AIM OF THE TASK
Where the line containing "Norton Commando 850" appears in the entries below, begin there and output every line through the last, exactly, minus the pictures.

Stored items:
##############################

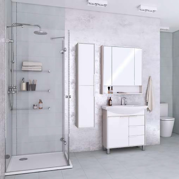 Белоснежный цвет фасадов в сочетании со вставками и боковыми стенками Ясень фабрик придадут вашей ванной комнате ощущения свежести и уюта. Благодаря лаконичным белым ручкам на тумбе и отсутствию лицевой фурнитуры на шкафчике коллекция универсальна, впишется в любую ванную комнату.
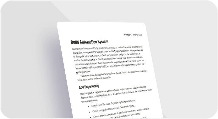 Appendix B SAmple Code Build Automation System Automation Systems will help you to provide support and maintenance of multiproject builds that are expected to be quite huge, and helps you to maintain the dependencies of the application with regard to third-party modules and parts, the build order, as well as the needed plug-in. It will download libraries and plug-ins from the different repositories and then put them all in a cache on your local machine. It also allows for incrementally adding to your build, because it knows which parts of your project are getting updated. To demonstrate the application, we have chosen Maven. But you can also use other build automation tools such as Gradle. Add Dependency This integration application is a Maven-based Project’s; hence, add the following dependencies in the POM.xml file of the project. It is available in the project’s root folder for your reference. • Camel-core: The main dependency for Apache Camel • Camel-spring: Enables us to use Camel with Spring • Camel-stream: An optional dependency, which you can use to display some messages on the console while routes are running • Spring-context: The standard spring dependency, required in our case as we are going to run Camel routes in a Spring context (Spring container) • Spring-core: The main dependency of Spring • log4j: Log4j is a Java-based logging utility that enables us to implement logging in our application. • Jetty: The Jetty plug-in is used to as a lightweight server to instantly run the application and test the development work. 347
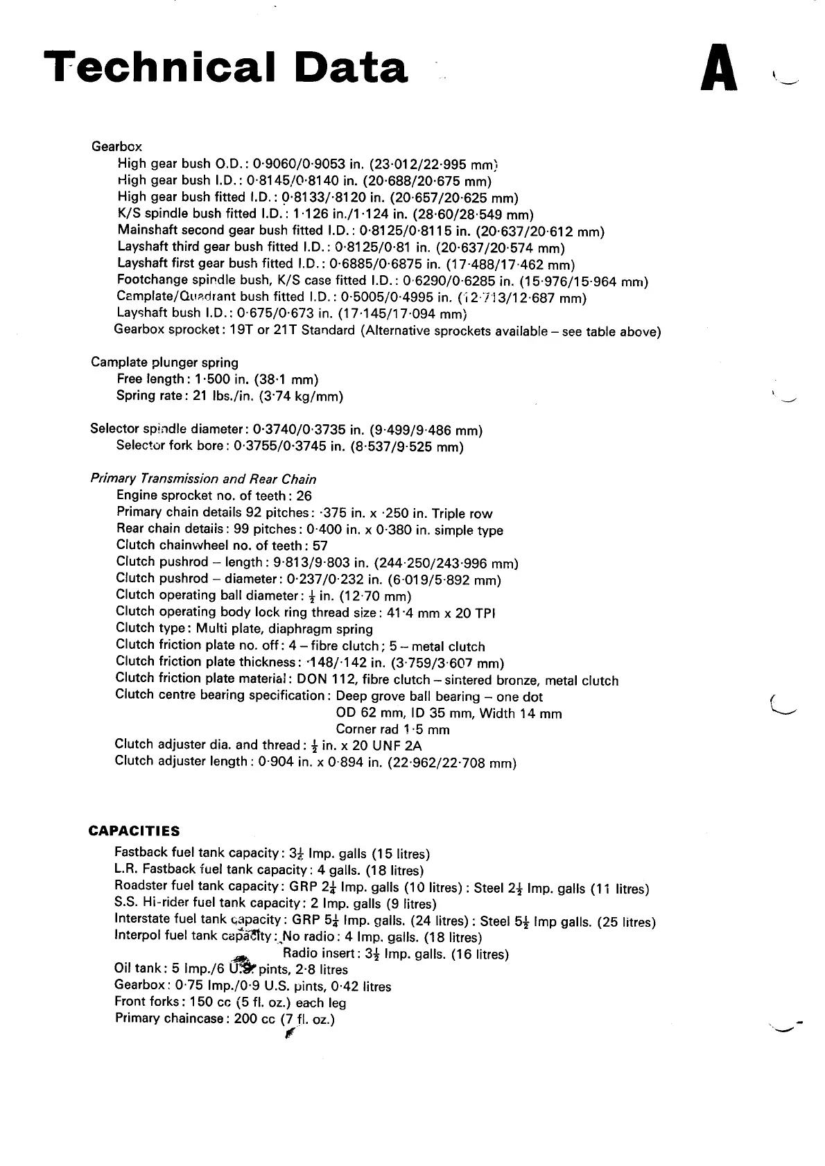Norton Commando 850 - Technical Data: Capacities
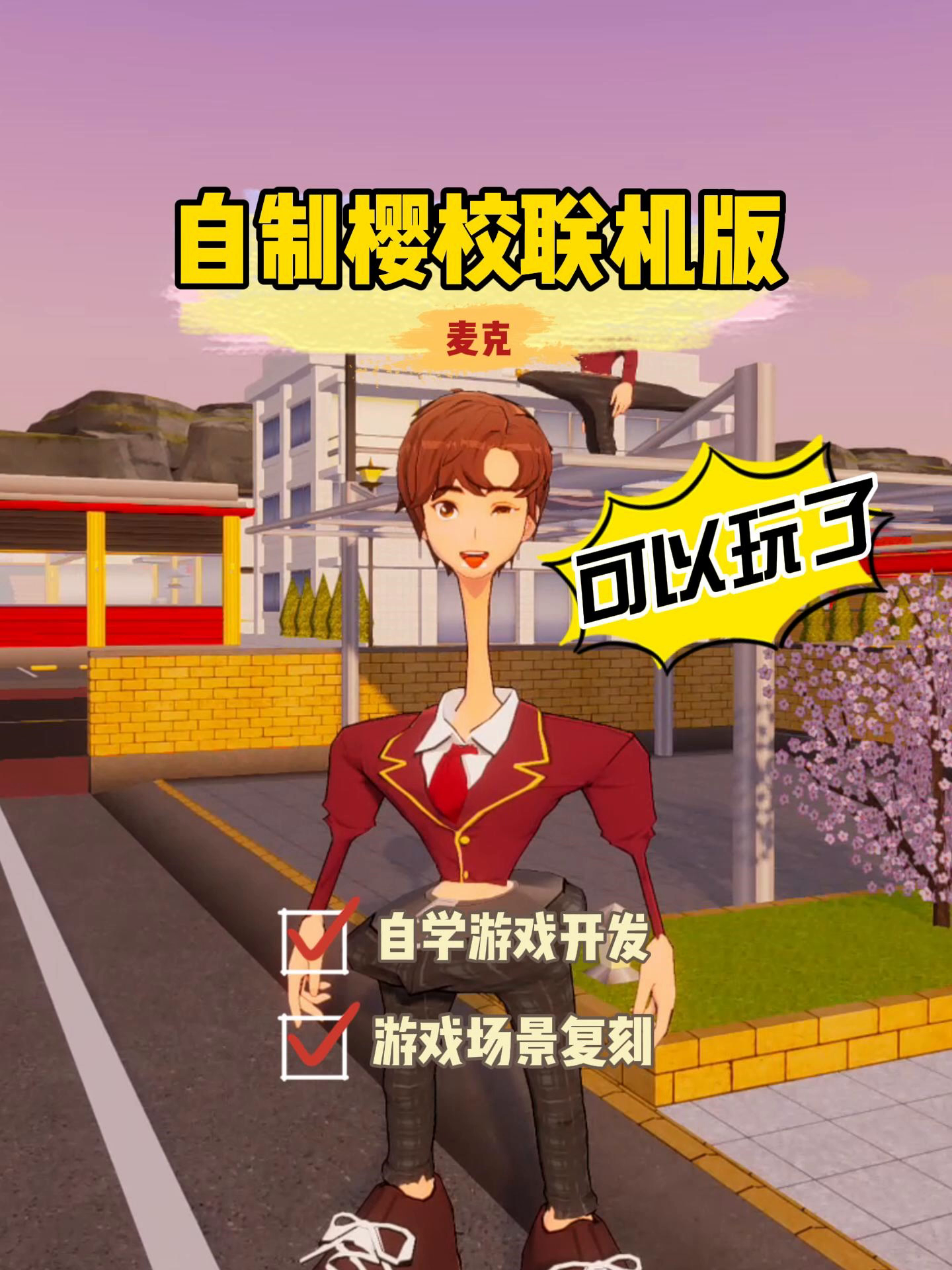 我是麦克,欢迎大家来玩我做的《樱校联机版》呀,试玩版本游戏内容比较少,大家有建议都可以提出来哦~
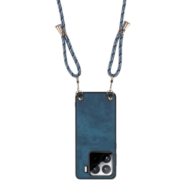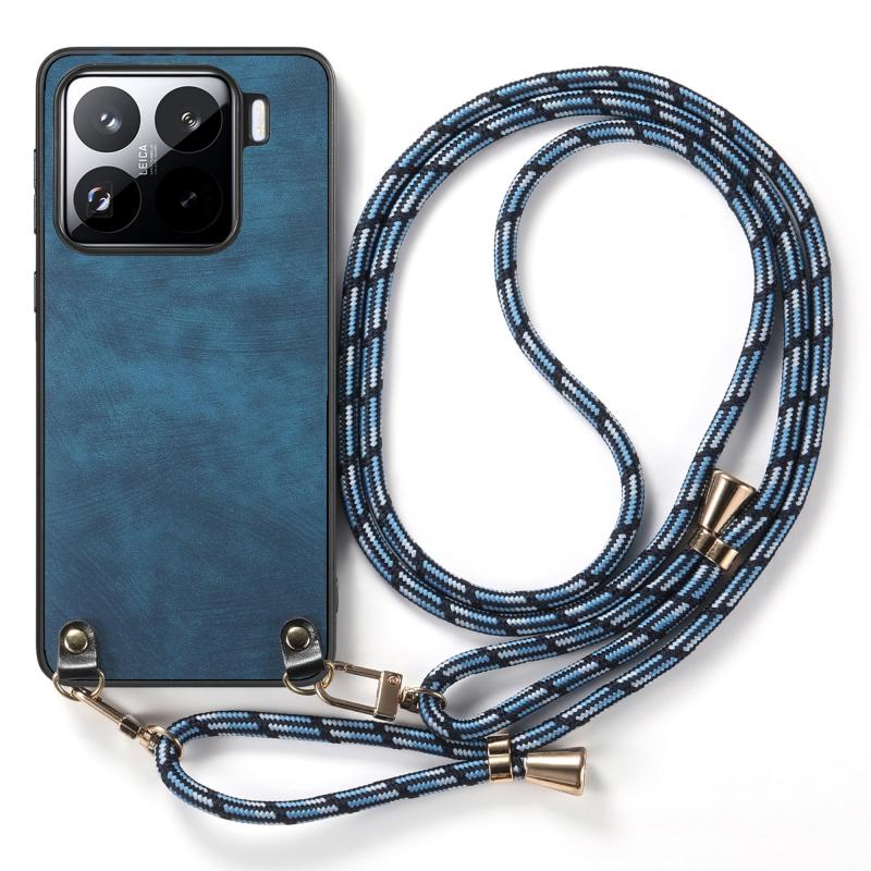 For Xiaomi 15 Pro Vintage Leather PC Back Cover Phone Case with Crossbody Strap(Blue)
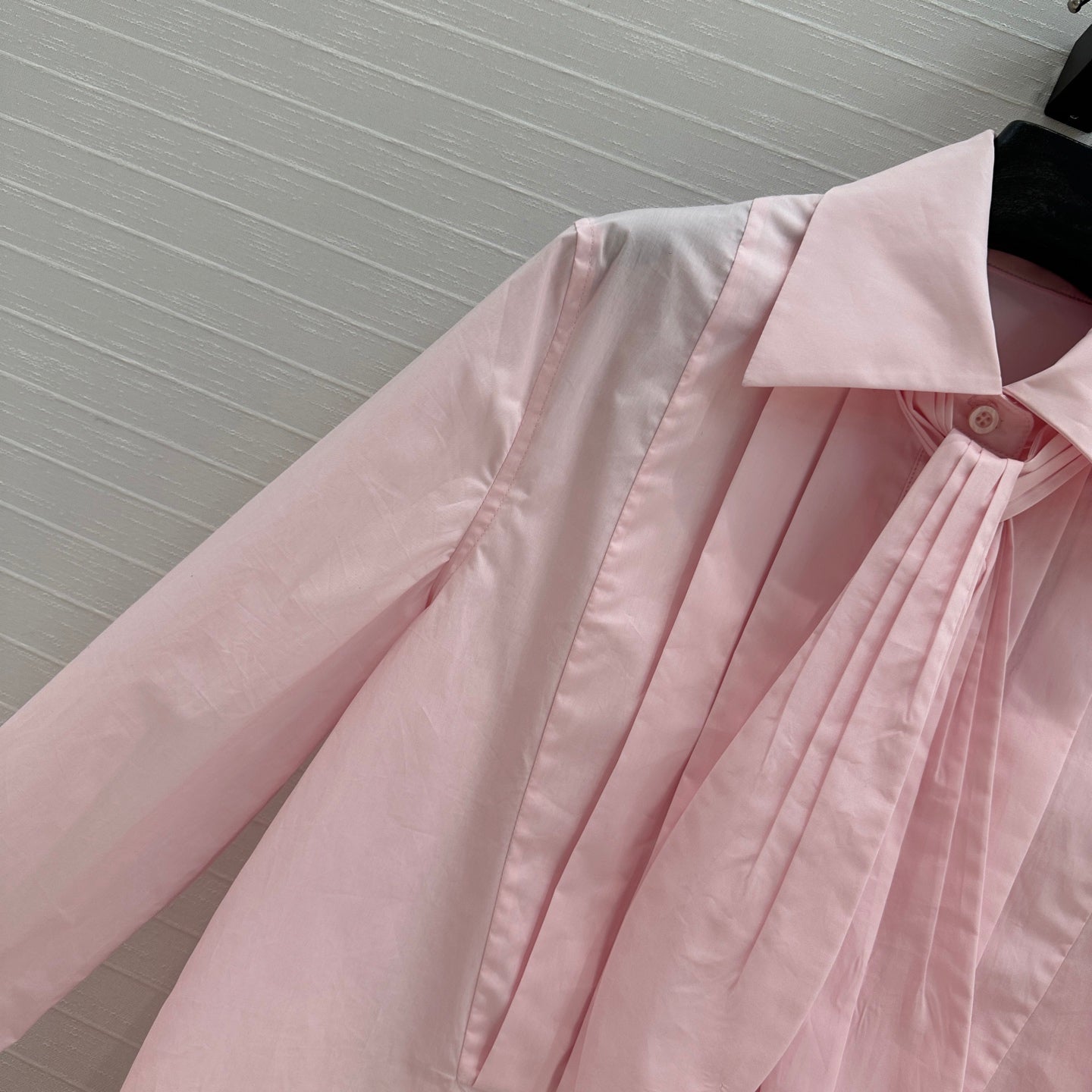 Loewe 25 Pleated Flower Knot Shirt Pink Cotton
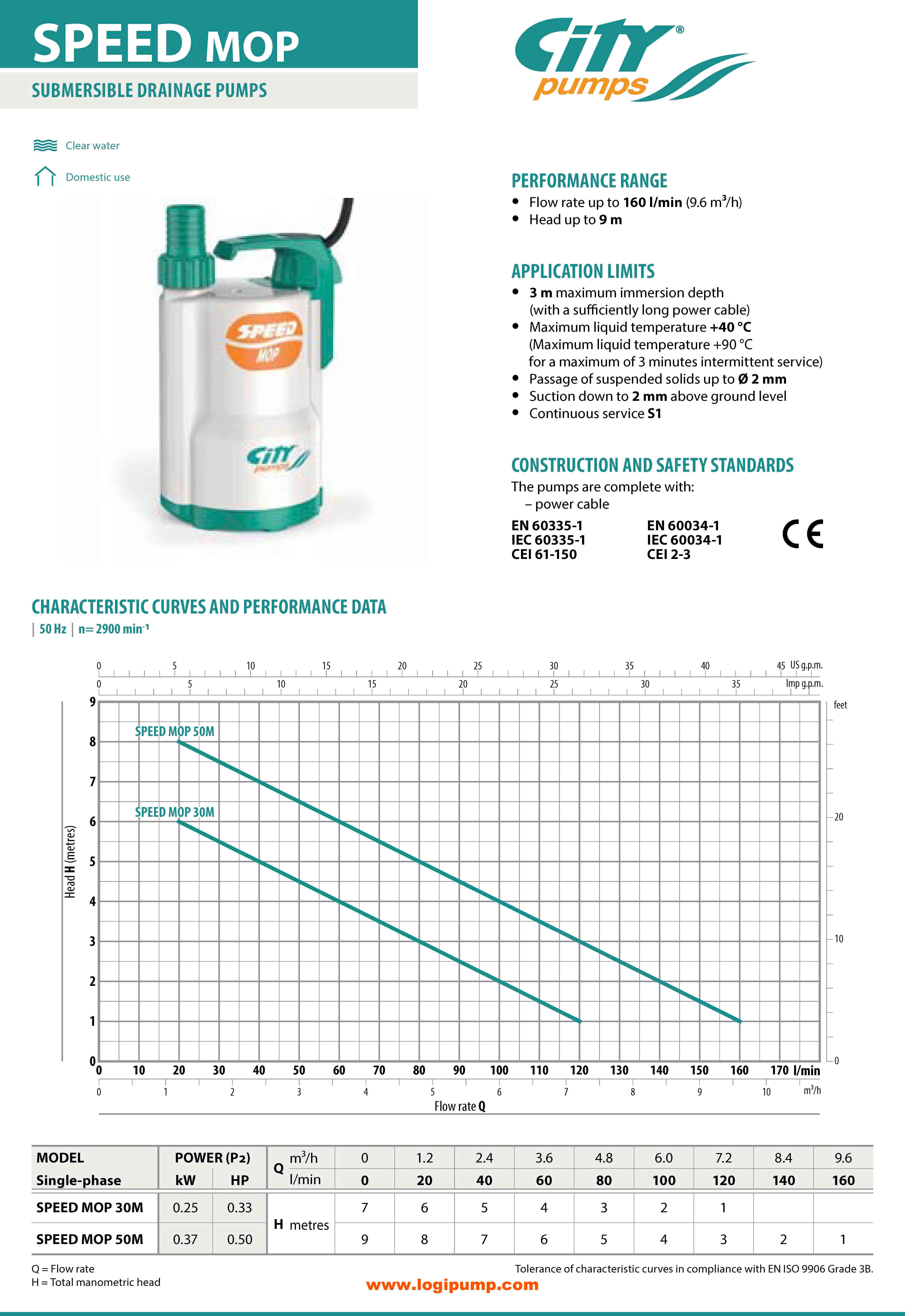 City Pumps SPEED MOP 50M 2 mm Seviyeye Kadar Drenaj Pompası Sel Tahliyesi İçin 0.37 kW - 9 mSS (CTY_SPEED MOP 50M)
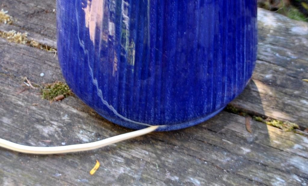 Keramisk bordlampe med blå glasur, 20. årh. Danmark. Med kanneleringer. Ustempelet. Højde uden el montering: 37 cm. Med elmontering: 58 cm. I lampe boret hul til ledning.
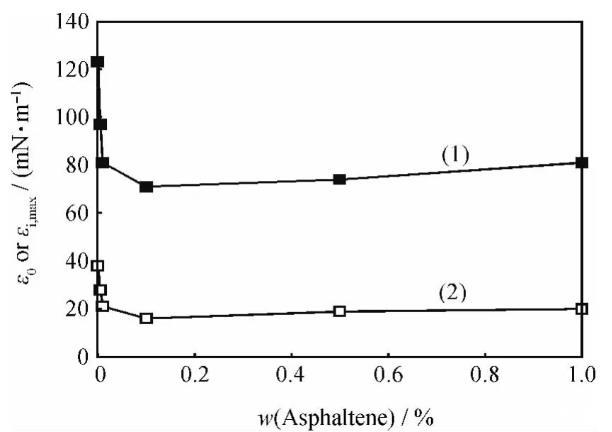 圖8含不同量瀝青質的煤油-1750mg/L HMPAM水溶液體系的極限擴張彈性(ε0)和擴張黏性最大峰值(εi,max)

##############################

ANSWER
Norton Commando 850 - Technical Data: Capacities
 我是麦克,欢迎大家来玩我做的《樱校联机版》呀,试玩版本游戏内容比较少,大家有建议都可以提出来哦~
 For Xiaomi 15 Pro Vintage Leather PC Back Cover Phone Case with Crossbody Strap(Blue)
 Loewe 25 Pleated Flower Knot Shirt Pink Cotton
 City Pumps SPEED MOP 50M 2 mm Seviyeye Kadar Drenaj Pompası Sel Tahliyesi İçin 0.37 kW - 9 mSS (CTY_SPEED MOP 50M)
 Keramisk bordlampe med blå glasur, 20. årh. Danmark. Med kanneleringer. Ustempelet. Højde uden el montering: 37 cm. Med elmontering: 58 cm. I lampe boret hul til ledning.
 圖8含不同量瀝青質的煤油-1750mg/L HMPAM水溶液體系的極限擴張彈性(ε0)和擴張黏性最大峰值(εi,max)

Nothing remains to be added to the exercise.